Qwen3-ASR handles all of that better. Dialect recognition is noticeably stronger, and the code-switching case — where someone flips between languages mid-sentence — is where the gap is widest. Whisper commits to one language and garbles the other. Qwen rides the switch.

The pipeline splits transcription and translation into separate steps rather than asking one model to do both end-to-end. Qwen3-ASR transcribes to the source language; DeepSeek translates to English. Each model does the thing it's best at, and the translation gets clean text as input instead of audio it has to re-interpret.

The meta-pattern

None of these rows came from reading benchmarks. Benchmarks average across tasks; your workload is specific. The right question is never “which model is best?” It's “which model is best at this exact thing, at what cost?”

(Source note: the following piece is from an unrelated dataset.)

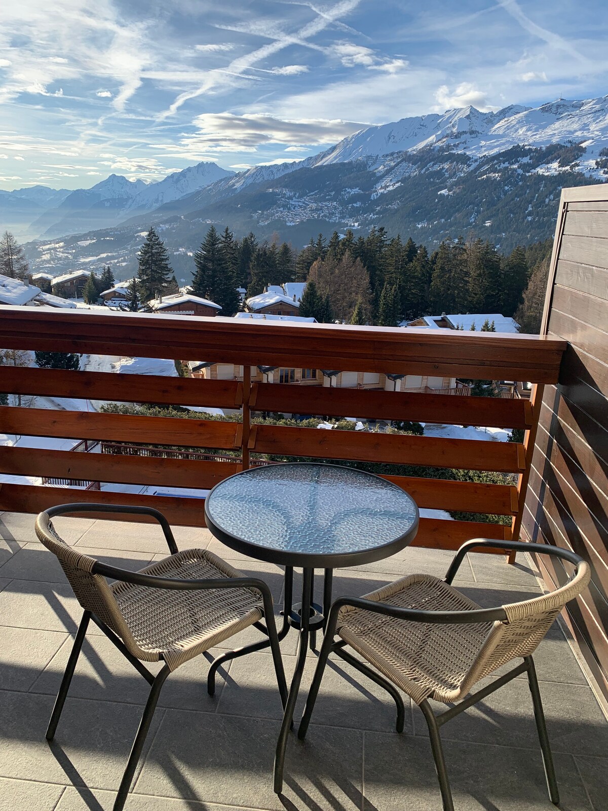 #Studio Crans-Montana. Zwembad,tennis,zonnig balkon.

The answer changes. Six months from now I'll have different rows. The discipline is re-evaluating when the task shape or the cost shifts, not sticking with a provider out of habit.

Frequently asked

Won't this change in six months?

Yes. The routing table is a snapshot, not a commitment. Qwen3-ASR might lose to a future Whisper version. Gemini Image might get expensive. A new model might appear that does extraction and translation in one pass better than the split pipeline. The discipline is re-evaluating when the task shape or the cost changes, not loyally sticking with a provider. I treat model choices the same way I treat library choices — use the best one today, be ready to swap tomorrow.

What about audio generation models like Lyria?

I haven't shipped anything with audio generation yet. When I do, it'll get a slot in the table. I don't have opinions on models I haven't used in production. The whole point of this piece is that the routing comes from real usage, not speculation.